Updated: May 21, 2020 06:22 PM
Created: May 21, 2020 02:00 PM
ROCHESTER, N.Y. (WHEC) — The children of a woman who died inside a nursing home are broken-hearted.
But they're also angry and confused because of what they say they were told by nursing home staff and what was written on their mother's death certificate. They asked News10NBC to get to the bottom of it.
Saundra Peckham was 85 years old when she died inside The Hurlbut nursing home in Brighton in mid-April. Her family says she was never tested for COVID-19, but her death certificate lists that as the cause of death.
"This is my mother," Shelly Simmons said, holding a photo of her mom. "She's acting silly in this picture."
That's the kind of person the family says Peckham was.
"Just being goofy, actually," her son, John Peckham, said. "A lot of times she was just goofy."
Saundra Peckham was born in Pennsylvania. She moved to Chili when her sister enrolled at Roberts Wesleyan College. She started a family and never left. She had 12 grandchildren and 11 great-grandchildren.
Peckham loved to watch wrestling and her grandson race motocross. She rode to the races in the family camper.
"And she would sit in the windows, the big windows, and watch my son race," Simmons said.
Simmons shared her daily notes with me. The notes say Peckham had an upset stomach on April 8. By the end of the week, she wasn't answering her phone. By Saturday, staff told Simmons her mother was "under the weather." On Monday, she had a "little fever." By that afternoon, Peckham was dead.
Her family says, despite their pleas, she was never tested for COVID-19. Then they got the death certificate, and COVID-19 was listed as the cause of death.
Simmons, her brother and sister-in-law called a social worker that day.
"And then she says, 'well, we have to put that on all the death certificates,'" Simmons said.
Brean: "And you all heard that in the phone call?"
Shelly Simmons, daughter: "Yes."
Pat Peckham, daughter-in-law: "Yes."
I contacted Hurlbut Care Communities about this.

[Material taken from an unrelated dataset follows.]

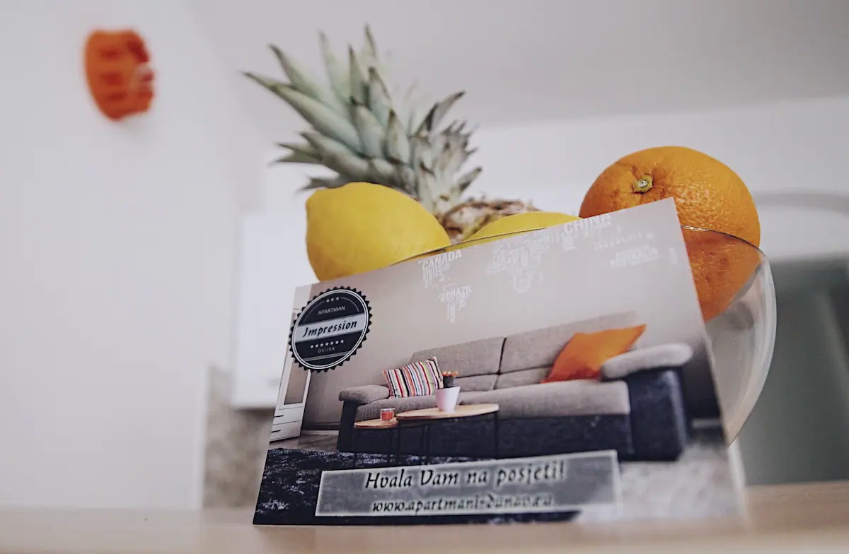 Predivno novo uređeni apartman u tihom centru Osijeka, kapacitet 1-2 osobe, samo 5 minuta udaljen od centra. 100m od glavnog željezničkog kolodvora Osijek. Apartman je renoviran, kuhinja, NOVA kupaonica, TV, KLIMA, WiFi, grijanje. Sve što Vam je potrebno za ugodan boravak u srcu Slavonije u apartmanu Impression Vam je na dohvat ruke. Moguć dogovor organiziranja posjeta Baranji. Na raspolaganju smo Vam.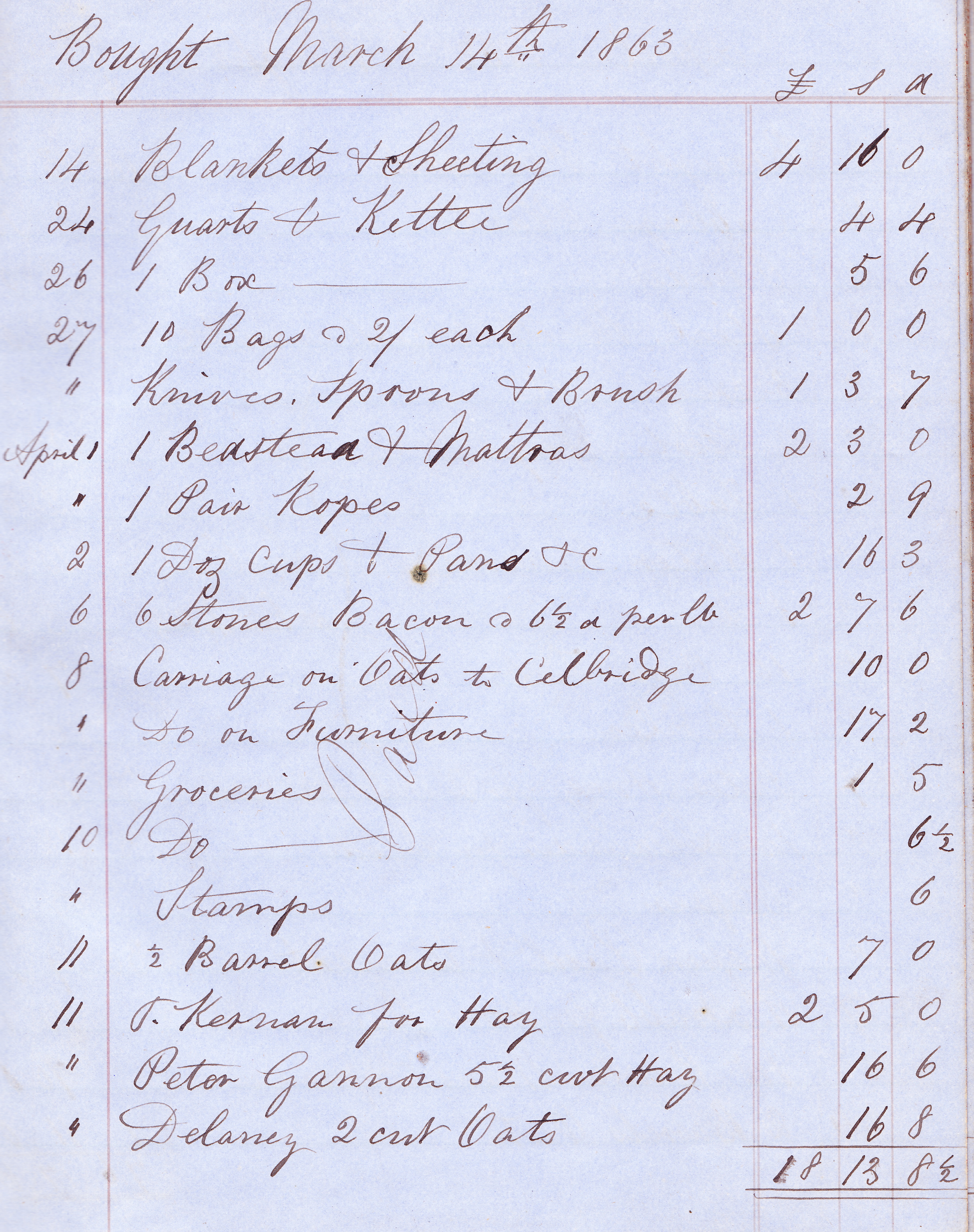 On 14 March 1863 (even before he had moved in to Blackhall), Thomas started to acquire some basic furniture. The expenses began with basic necessities of blankets and sheeting, a kettle, some cutlery, cups and pans, and a bedstead and mattress. The cost of having some furniture delivered was also included. The purchase of 6 stone (84 lbs.) of bacon looks like a good start for many a breakfast.

In an email, owner Robert Hurlbut wrote, "All Hurlbut Care Communities are following State and Federal guidelines for certifying death records as outlined by the NYS Department of Health Bureau of Vital Records, in concert with the Bureau of Funeral Directing and Centers for Disease Control and Prevention (CDC)."
I found the CDC's manual on determining the cause of death with coronavirus. It says patients should be tested, "but it is acceptable to report COVID-19 on a death certificate without this confirmation if the circumstances are compelling within a reasonable degree of certainty."
State records show seven residents have died from COVID-19 inside Peckham's nursing home.
To add insult to injury, when Peckham's property was boxed up to be quarantined for a month, a staff member wrote her room number on the front of the picture hanger made by her grandson. The same thing also happened to the painting Simmons made that her mother had saved for 40 years.
"Why couldn't you just do it on the back?" Simmons asked, holding onto the painting.
I shared photos of the marking with Hurlbut Care Communities.
In the same email, Hurlbut wrote, "We have the honor and responsibility of caring for one of society's most vulnerable populations and our healthcare heroes are working tirelessly around the clock to ensure the safety and wellbeing of all residents. During this unprecedented time, a staff member, in an attempt to keep the resident's belongings safe and known during an isolation protocol room change, made a very regrettable error. Our standing practice is to mark a label with the resident's room number and place it on the back of the items. We were saddened to learn this was done incorrectly and for the added pain the family is experiencing. Although nothing can replace these cherished items, we have offered to work with them to rectify the situation, as best we are able."